Medical Laboratory Observer connects laboratory professionals with industry trends every year. There have been important diagnostic updates for laboratories from the U.S. Food and Drug Administration and the National Institutes of Health in 2023 — MLO staff put together this article to summarize those updates for its readers.
With this new research, medical experts are closer to identifying better cancer treatments, determining blood donor eligibility, having a deeper understanding of long COVID, and diagnosing severe COVID-19 in pediatric patients.
FDA launches pilot program to help reduce risks associated with using laboratory developed tests to identify cancer biomarkers
The U.S. Food and Drug Administration announced a new voluntary pilot program for certain oncology drug products used with certain corresponding in vitro diagnostic tests to help clinicians select appropriate cancer treatments for patients.

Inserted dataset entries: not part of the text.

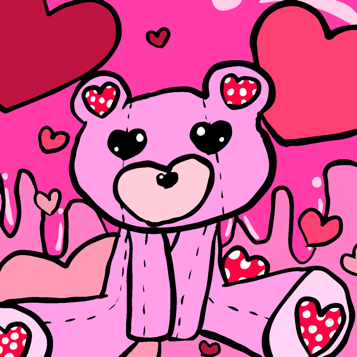 耳や肉球、目や顔の一部がハートなぬいぐるみクマのキャラを考えて描いてみました。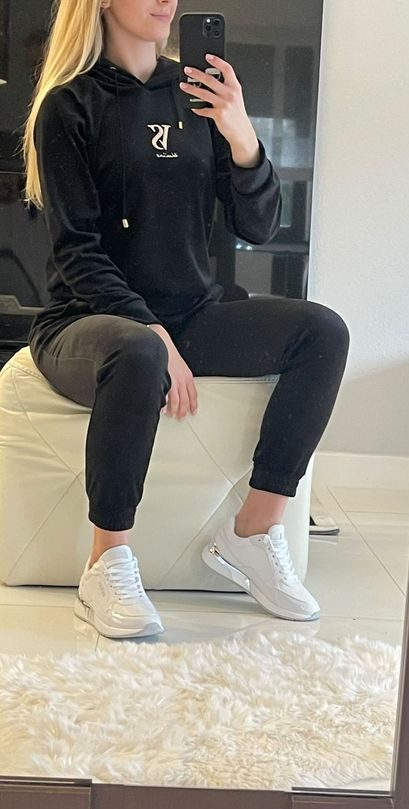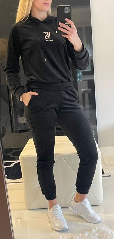 DRES WELUROWY CZARNY VELSATINO polskiej marki. Bluza z kapturem, posiada wyszywane logo z przodu. Spodnie w pasie są na gumce. Materiał jest grubszy, nieprześwitujący.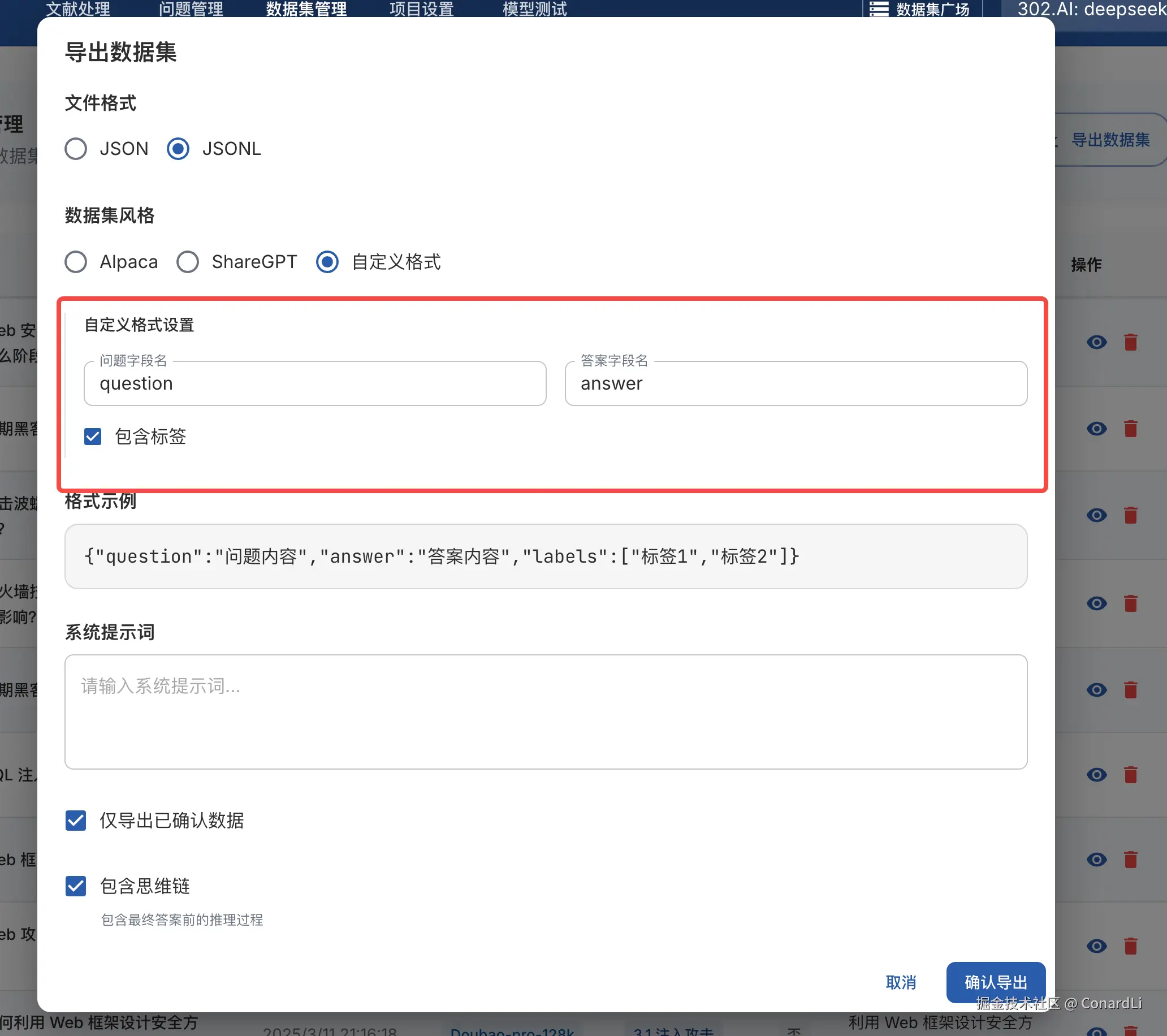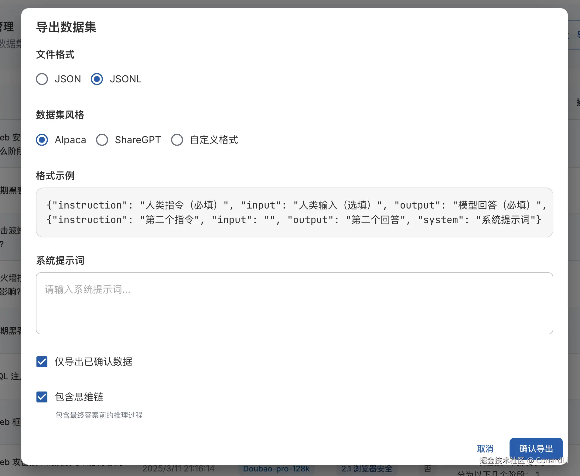 - 能够方便的对生成的数据集进行格式转换,比如 Alpaca 和 ShareGPT 格式

Through the pilot program, the FDA will request, from drug manufacturers, performance information for the tests used to enroll patients into the clinical trials that support drug approval. Based on an assessment of that information, the FDA will post to the FDA website the minimum performance characteristics recommended for similar tests that may be used to select patients for treatment with the approved drug. Laboratories may use this information to guide their development of LDTs to identify specific biomarkers used for selecting cancer treatment. This transparency aims to help facilitate better and more consistent performance of these tests, resulting in better drug selection and improved care for patients with cancer.

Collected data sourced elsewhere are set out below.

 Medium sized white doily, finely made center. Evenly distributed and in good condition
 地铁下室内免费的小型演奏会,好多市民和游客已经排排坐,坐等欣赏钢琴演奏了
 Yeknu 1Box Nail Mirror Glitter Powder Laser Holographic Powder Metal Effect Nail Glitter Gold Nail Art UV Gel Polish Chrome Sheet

As discussed in the guidance, the initial phase of the pilot program is anticipated to last up to one year, during which the FDA will evaluate no more than nine drug sponsors for possible acceptance into the pilot. The minimum recommended performance characteristics for in vitro diagnostic tests used with each approved drug product under the pilot, based on the clinical trial assays, will be made publicly available on the FDA’s website following drug approval.1
FDA finalizes move to recommend individual risk assessment to determine eligibility for blood donations
The U.S. Food and Drug Administration finalized recommendations for assessing blood donor eligibility using a set of individual risk-based questions to reduce the risk of transfusion-transmitted HIV. These questions will be the same for every donor, regardless of sexual orientation, sex, or gender. Blood establishments may now implement these recommendations by revising their donor history questionnaires and procedures.

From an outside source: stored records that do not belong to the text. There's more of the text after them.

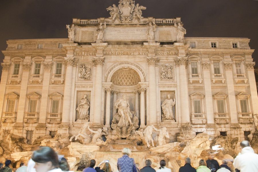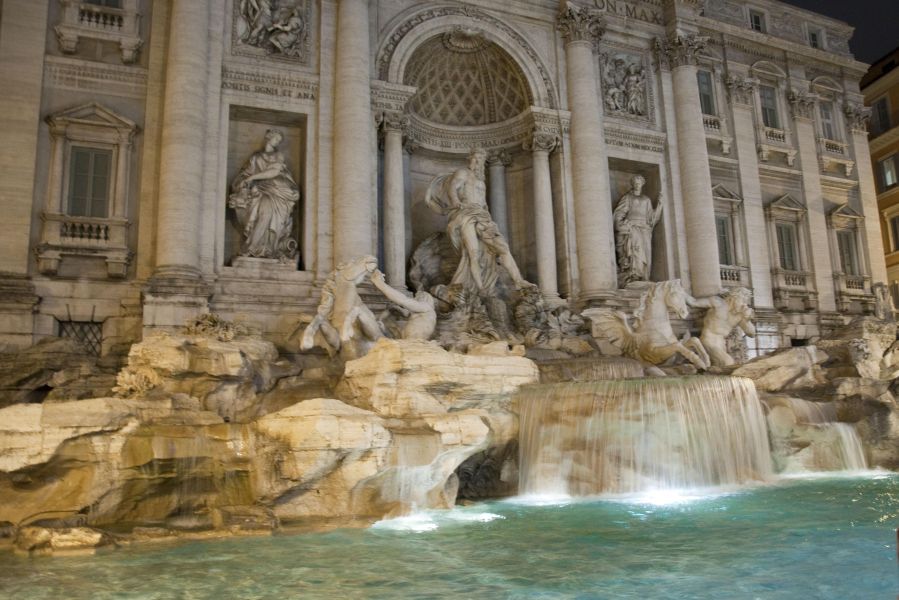 Раньше этот фонтан был источником питьевой воды в городе, акведуком. Если рассматривать ансамбль, вы заметите Нептуна в центре, который въезжает на колеснице в виде морской раковины, запряжённой двумя лошадьми: одна спокойная, а другая буйная, как две стороны водной стихии или человеческой натуры. С этим фонтаном связано много поверьев и легенд. Влюблённые могут испить воду из трубочек с правой стороны, чтобы любовь их была вечная. И конечно же, каждый хочет бросить монетку, чтобы вернуться в Рим ещё раз. А в неделю власти вытаскивают около 10 тыс евро монеток. Говорят, на благотворительность отдают…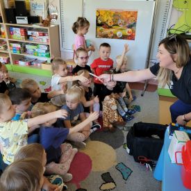 Spotkanie było również okazją, by wzbogacić i utrwalić swoje wiadomości na temat sposobów dbania o zdrowie. Dzieci dowiedziały się, co warto jeść i w jaki sposób ćwiczyć, by być pełnym energii. Na zakończenie przedszkolaki dostały kolorowankę przedstawiająca Panią pielęgniarkę oraz rekwizyty związane z jej pracą.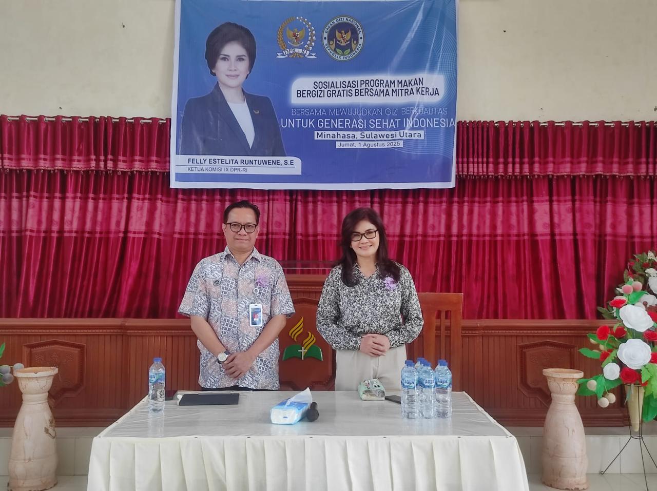 Hal itu disampaikan Felly Estelita saat sosialisasikan program MBG di Rumah Jamaat Taman Harapan Werot Tondano, pada Jumat, 1 Agustus 2025. Ketua Komisi IX DPR RI Felly Estelita berharap dengan dilakukannya sosialisasi ini para orang tua menjadi lebih memperhatikan terhadap pola makan anak-anaknya.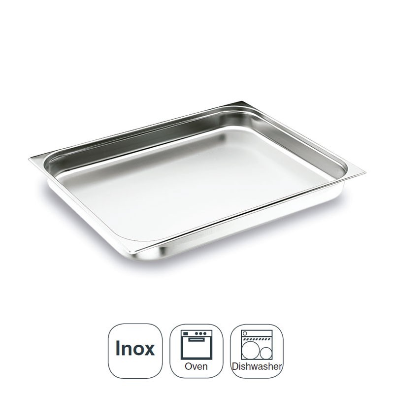 Un seau ou un bac de taille GN 2/1 de 530x650 mm pour les cuisines professionnelles, en acier inoxydable de la Série Aisi 200.

These final recommendations are consistent with the policy initially proposed in January 2023.
This policy eliminates time-based deferrals and screening questions specific to men who have sex with men (MSM) and women who have sex with MSM. Under the final guidance issued, all prospective blood donors will answer a series of individual, risk-based questions to determine eligibility. All prospective donors who report having a new sexual partner, or more than one sexual partner in the past three months, and anal sex in the past three months, would be deferred to reduce the likelihood of donations by individuals with new or recent HIV infection who may be in the window period for detection of HIV by nucleic acid testing.
Additionally, under these final recommendations, those taking medications to treat or prevent HIV infection (e.g., antiretroviral therapy (ART), pre-exposure prophylaxis (PrEP) and post-exposure prophylaxis (PEP)), will also be deferred. Though these antiretroviral drugs are safe, effective, and an important public health tool, the available data demonstrate that their use may delay detection of HIV by currently licensed screening tests for blood donations, which may potentially give false negative results. Although HIV is not transmitted sexually by individuals with undetectable viral levels, this does not apply to transfusion transmission of HIV because a blood transfusion is administered intravenously, and a transfusion involves a large volume of blood compared to exposure with sexual contact. As stated in the guidance, individuals should not stop taking their prescribed medications, including PrEP, or PEP, in order to donate blood.2
Large study provides scientists with deeper insight into long COVID symptoms
Initial findings from a study of nearly 10,000 Americans, many of whom had COVID-19, have uncovered new details about long COVID, the post-infection set of conditions that can affect nearly every tissue and organ in the body. Clinical symptoms can vary and include fatigue, brain fog, and dizziness, and last for months or years after a person has COVID-19. The research team, funded by the National Institutes of Health, also found that long COVID was more common and severe in study participants infected before the 2021 Omicron variant.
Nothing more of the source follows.